After five years in New York with eight off-Broadway plays under my belt I was eager to get some TV and film experience. New York wasn’t like it is today. Now there are twenty plus television shows in production and a countless number of movies being filmed here. Back then it was a handful of soap operas and maybe a half a dozen films a year, many of them pre-cast out of LA.

So I packed my bags and headed for Hollywood. Shortly after arriving I had the good fortunate to sign with an agent but he told me, “This isn’t going to be easy, selling you. You don’t have any LA credits.”

But we agreed to give it a shot. A couple weeks later he called and said, “Look, I’ve got this thing. I don’t know if you’re interested or not but they want to see you. Howard Koch is producing and Walter Matthau is starring. It’s for the American Heart Association. It doesn’t pay anything so I don’t know if you want to do it.”
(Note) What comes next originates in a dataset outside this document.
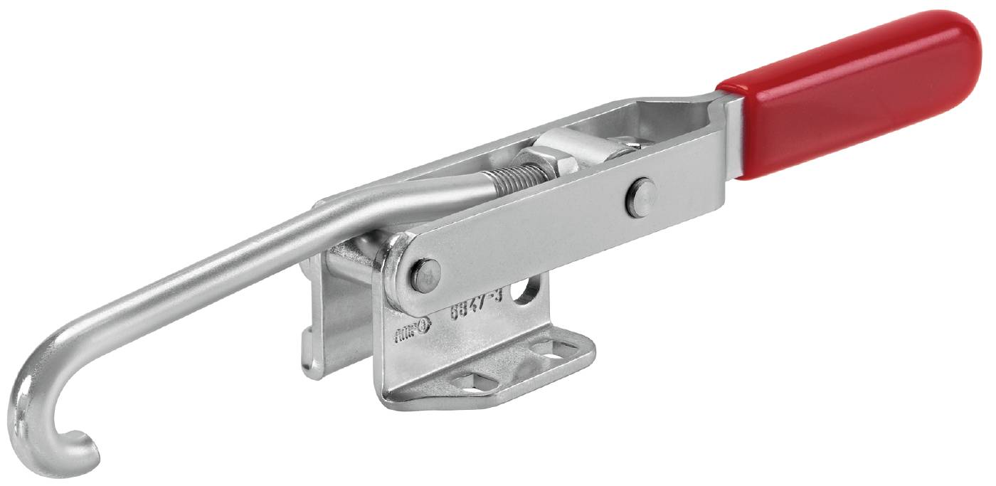 Töötab põlvliigendi põhimõttel. Horisontaalselt töötav konks sulgemiseks ja tõmbamiseks. Horisontaalne kinnitusplaat. Plastiga kaetud käepide, Tsingitud. AMF sulgurklambrile Nr 6847 sobib AMF vastaspool Nr 6847 G, kinnitamiseks eseme külge, mida tuleb sulgurklambriga 6847 tõmmata/sulgeda.

I’m not sure I even heard the last two sentences. What I heard was “Howard Koch isimages producing and Walter Matthau is starring.” Those two guys were titans in the industry. Mr. Koch had produced a slew of movies including The Manchurian Candidate (original version), The Odd Couple, On A Clear Day, Plaza Suite and two iconic TV shows Maverick and The Untouchables. Walter Matthau had starred in The Taking of Pelham One, Two, Three; The Bad News Bears, The Odd Couple, Charade, The Front Page, etc., etc. AND THEY WANTED TO SEE ME!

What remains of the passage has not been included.